Reason also drew a critical distinction between two types of contributing factors in healthcare failures: active failures and latent conditions.

Active failures are the unsafe acts committed by people who are in direct contact with the patient or system at the point of care. They are the visible triggers — the wrong drug drawn, the missed vital sign, the misread label. Active failures are what investigations most readily find, and what person-focused responses most commonly target.

Latent conditions are the hidden vulnerabilities embedded in the system long before any individual error occurs. They arise from decisions made weeks, months, or years earlier — design choices, resource allocations, staffing decisions, equipment procurement, policy gaps, and cultural norms that create conditions in which errors are more likely to happen.

Latent conditions are far more dangerous than active failures, precisely because they are invisible until activated. They sit quietly in the system, waiting for the right combination of circumstances. A corridor where look-alike medications are stored together. A monitoring system with too many alerts, so staff learn to override them. A handover process that evolved through informal workarounds into something fundamentally different from the written protocol.

Human factors
and the limits of human performance

Human factors is the scientific discipline concerned with understanding the interaction between humans and the systems, environments, and tools they work with. In healthcare, human factors examines how cognitive, physical, and organizational factors influence the ability of clinical staff to perform safely and effectively.

The fundamental insight of human factors science is that humans have predictable limitations. Working memory is finite. Attention is selective. Performance degrades under fatigue, time pressure, noise, and interruption. These are not character flaws — they are universal features of human cognition. Safe system design accounts for these limitations rather than assuming they can be overcome through willpower or training.

Normalization of deviance — a concept introduced by sociologist Diane Vaughan — describes the gradual process by which unsafe practices become accepted as normal through repeated occurrence without immediate consequence. In healthcare, it appears as workarounds that become standard practice, protocols that are routinely skipped because they seem unnecessary, and warning signs that are habitually dismissed because they have never caused harm before.

Human Factors Principle

Safe systems are not designed for ideal humans performing under ideal conditions. They are designed for real humans, working under real conditions — with finite attention, finite memory, and the full range of human limitations.

Key concepts
from this lesson

Key Concept

Swiss Cheese Model

Layers of defense with gaps; harm occurs when gaps align across layers simultaneously.

Key Concept

Active Failures

Unsafe acts at the point of care — the visible trigger of a harmful event.

Key Concept

Latent Conditions

Hidden system vulnerabilities created long before any individual error occurs.

Key Concept

Human Factors

The science of designing systems that account for the predictable limits of human performance.

Key Concept

Normalization of Deviance

The gradual process by which unsafe practices become accepted as normal through repeated occurrence without consequence.

Key Concept

Weak Signals

Small, easily dismissed indicators that precede more serious system failures in complex organizations.

Case Study

The handover that wasn't

A patient admitted overnight with chest pain deteriorates in the early morning hours. The night team hands over to the day team in a busy corridor during a period of high ward activity. The handover takes four minutes. The patient's rising troponin levels — ordered at 3am — are not yet back from the laboratory and are not mentioned in the handover.

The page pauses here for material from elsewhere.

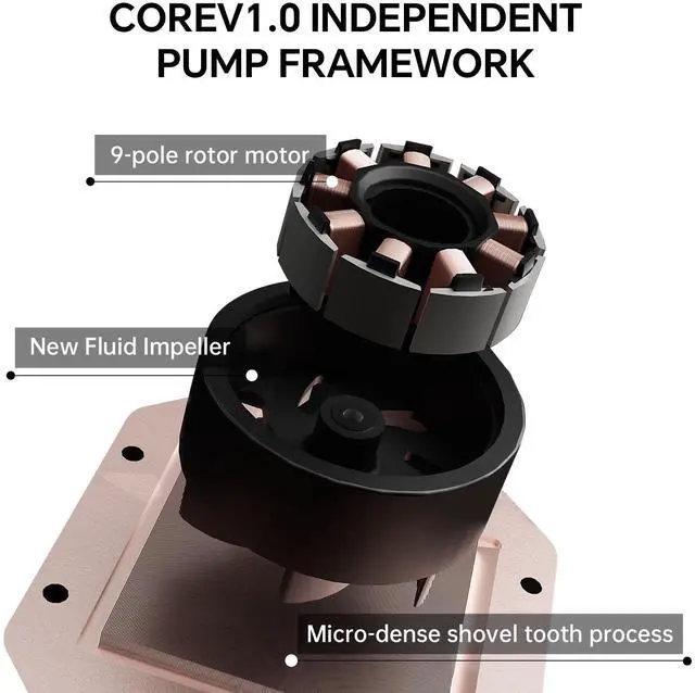 New Generation Pumps: Accumulated generations of solutions recast in a new framework for efficient heat transfer, with a powerful 9-pole rotor motor, a new fluid impeller, and speeds up to 3000 RPM, while remaining quieter than 23dB(A). The newly designed pump maximizes cooling capacity by pre-coating with a thermally conductive paste.
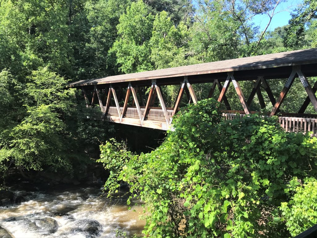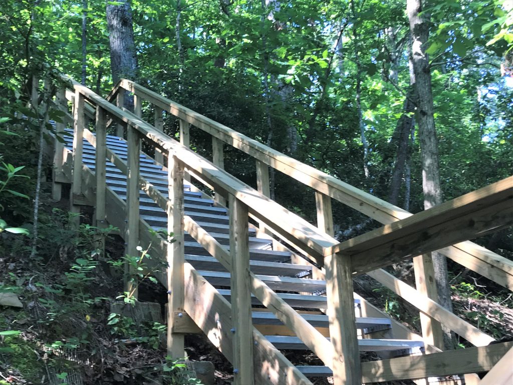 Crossing back over the covered bridge, we climbed the new staircase leading back to the trails at the Chattahoochee River NRA. Although the stairs may look daunting, they are much easier than the eroded trail that existed before 2018.

The day nurse assumes the results are normal because she has not been told otherwise. The day physician does not review the electronic results because the patient appears stable at the start of his shift. By 11am, when the laboratory flags the result as critical and calls the ward directly, the patient has developed a significant arrhythmia.

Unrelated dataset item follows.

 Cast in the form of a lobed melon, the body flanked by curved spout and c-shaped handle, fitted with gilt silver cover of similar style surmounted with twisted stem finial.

Active failure: the physician did not review the pending results. Latent conditions: no structured handover tool requiring documentation of pending investigations; a culture where handovers happen wherever staff happen to be rather than in a protected space; a laboratory alerting system that flags results to the ward phone rather than directly to the responsible physician.

Human factors: the handover occurred during peak interruption time; the physician's morning was immediately absorbed by four new admissions; the patient's apparent stability made the pending result feel less urgent.

What this illustrates

The active failure — not reviewing the result — was the visible trigger. But removing that individual from the system would not have fixed the handover process, the alerting system, the cultural norms around protected time, or the absence of a structured tool for tracking pending investigations.

Reflection Prompt

Where are the latent conditions in your organization?

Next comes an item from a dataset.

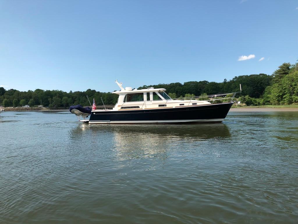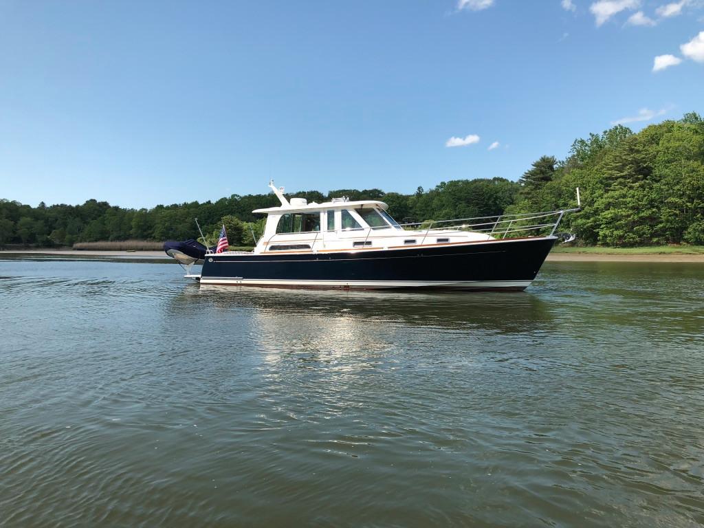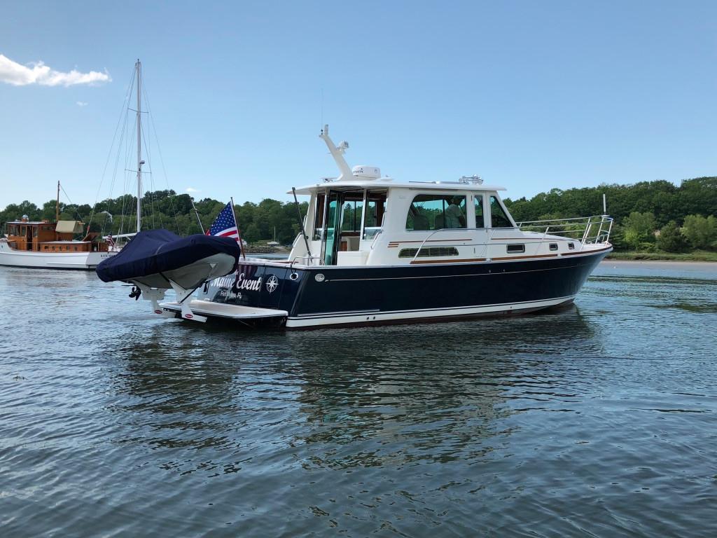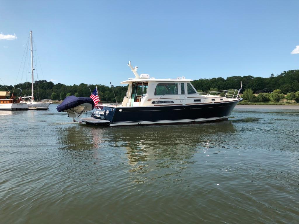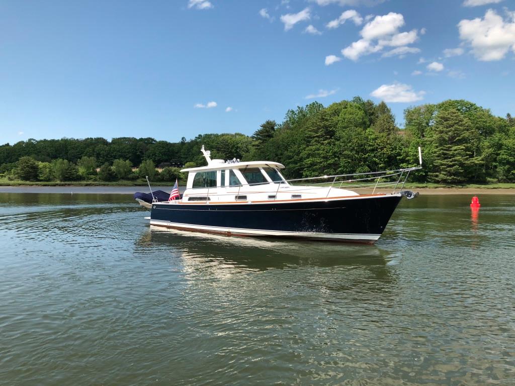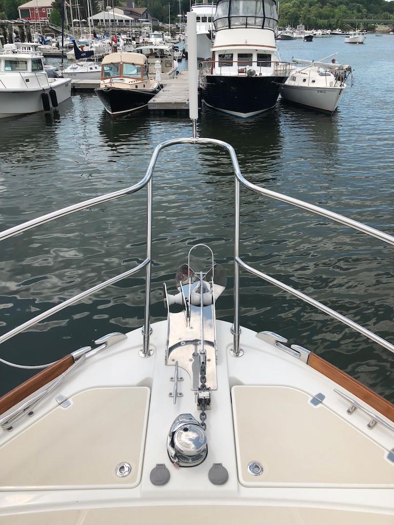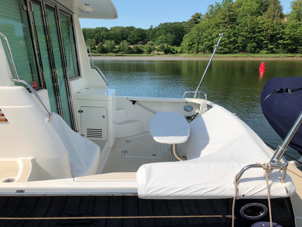 Low hour Volvo IPS 42 with Garmin electronics and more. Flag Blue hull color with Sabre White decks and Beige non-skid. Very clean and well maintained.

Think about a routine process in your workplace — a handover, a medication administration step, a documentation workflow — that has gradually drifted from its original design. Where have workarounds become standard? Where do people routinely skip steps because they feel unnecessary? Those drifts are latent conditions in the making. What would it take to surface them before they contribute to harm?

IHI Open School — Further Learning

PS 102: From Error to Harm and PS 103: Human Factors and Safety are directly relevant to this lesson and recommended for deeper exploration of error taxonomy and human factors design. Available at ihi.org.

Knowledge Check — Lesson 02

1. According to the Swiss cheese model, when does serious harm most commonly occur in healthcare?

AWhen an experienced clinician makes an uncharacteristic error
BWhen gaps in multiple layers of organizational defense simultaneously align
CWhen a patient presents with an unusual or complex clinical condition
DWhen a new staff member is working without adequate supervision

2. A ward policy requires two-nurse verification for high-risk medication administration. Over time, because nurses are often working alone, single-nurse verification becomes standard practice — and no adverse event occurs for 18 months. This is best described as:

AAn acceptable adaptation to staffing constraints
BA human factors engineering improvement
CNormalization of deviance
DAn active failure waiting to be investigated

3. Which of the following is an example of a latent condition in a healthcare organization?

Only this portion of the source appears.